_Information supplied_
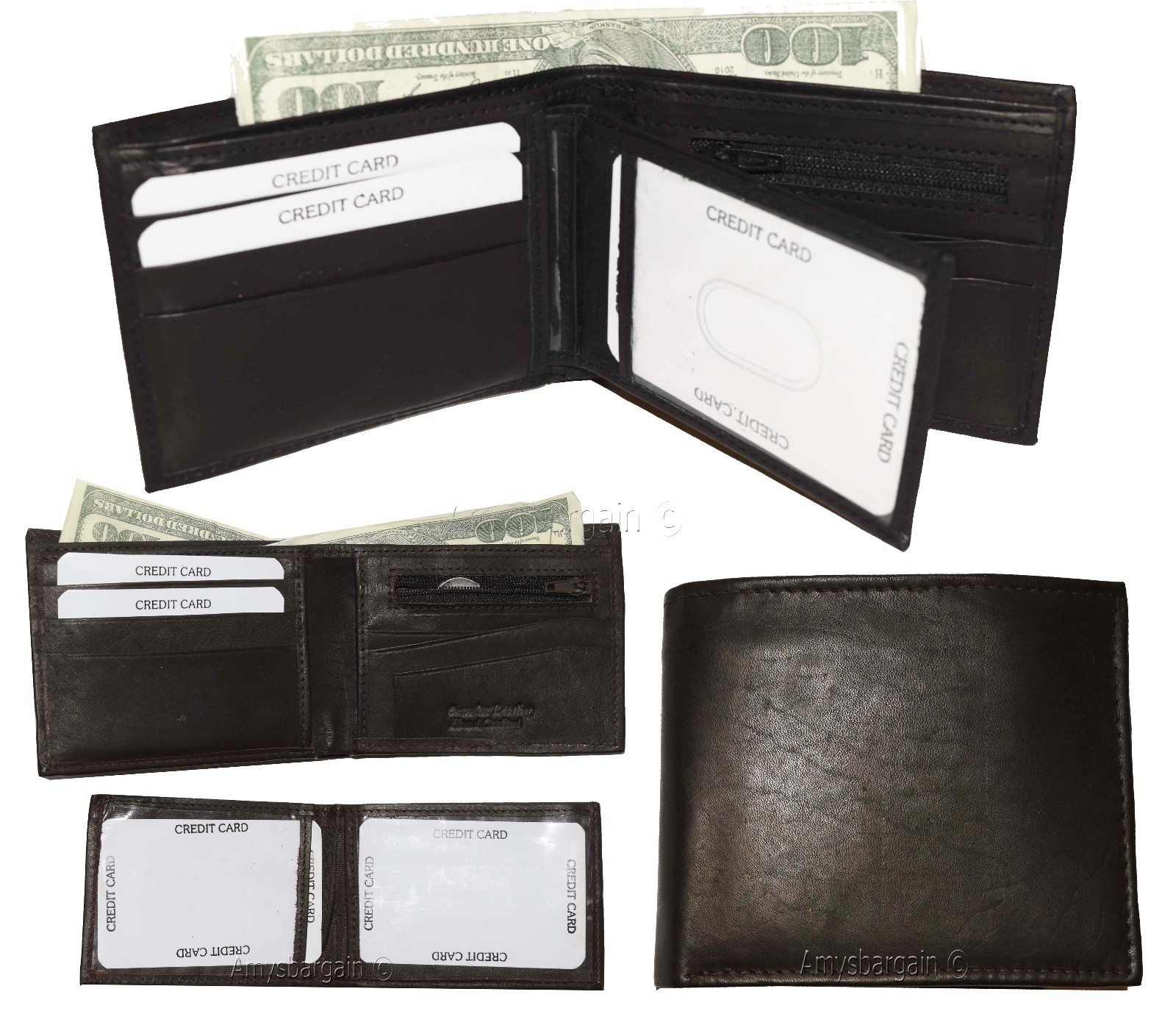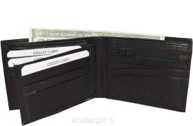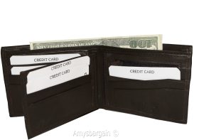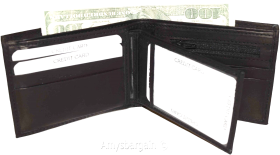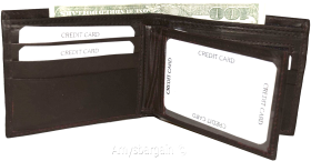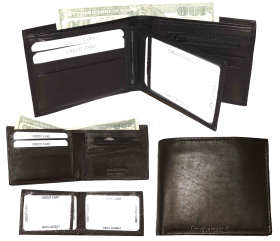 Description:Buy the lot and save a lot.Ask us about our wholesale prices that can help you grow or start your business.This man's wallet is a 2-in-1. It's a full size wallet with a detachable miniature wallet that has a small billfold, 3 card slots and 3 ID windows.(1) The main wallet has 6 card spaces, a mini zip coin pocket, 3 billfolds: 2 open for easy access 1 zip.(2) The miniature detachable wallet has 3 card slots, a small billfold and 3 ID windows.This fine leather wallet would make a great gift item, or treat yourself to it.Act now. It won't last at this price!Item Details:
--
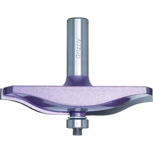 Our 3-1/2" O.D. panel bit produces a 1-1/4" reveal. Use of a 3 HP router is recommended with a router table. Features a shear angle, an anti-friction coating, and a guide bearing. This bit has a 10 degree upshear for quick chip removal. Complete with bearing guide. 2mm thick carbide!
--
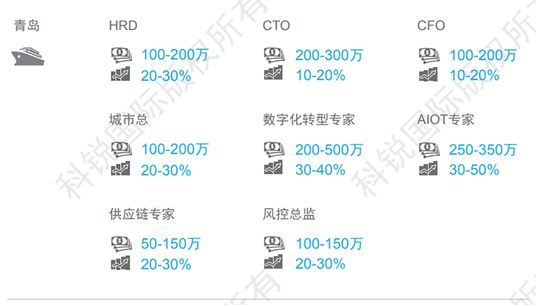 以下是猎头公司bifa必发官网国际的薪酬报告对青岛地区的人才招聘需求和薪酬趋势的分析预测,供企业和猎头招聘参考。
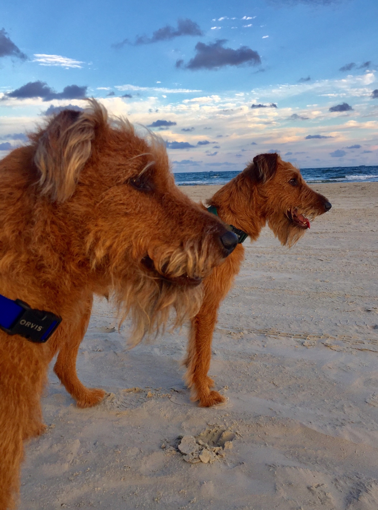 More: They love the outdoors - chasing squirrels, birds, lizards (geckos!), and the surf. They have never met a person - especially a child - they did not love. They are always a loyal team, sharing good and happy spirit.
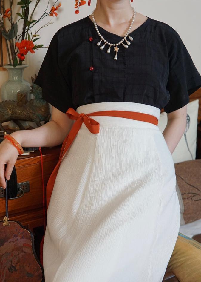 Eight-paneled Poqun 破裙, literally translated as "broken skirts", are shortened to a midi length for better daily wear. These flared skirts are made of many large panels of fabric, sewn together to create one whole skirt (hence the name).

_To do_
Between and including the line with "以下是猎头公司bifa必发官" and the line with "Eight-paneled Poqun 破裙, literally", repeat every line exactly as it appears above, with pictures left out.

_The completed task_
 以下是猎头公司bifa必发官网国际的薪酬报告对青岛地区的人才招聘需求和薪酬趋势的分析预测,供企业和猎头招聘参考。
 More: They love the outdoors - chasing squirrels, birds, lizards (geckos!), and the surf. They have never met a person - especially a child - they did not love. They are always a loyal team, sharing good and happy spirit.
 Eight-paneled Poqun 破裙, literally translated as "broken skirts", are shortened to a midi length for better daily wear. These flared skirts are made of many large panels of fabric, sewn together to create one whole skirt (hence the name).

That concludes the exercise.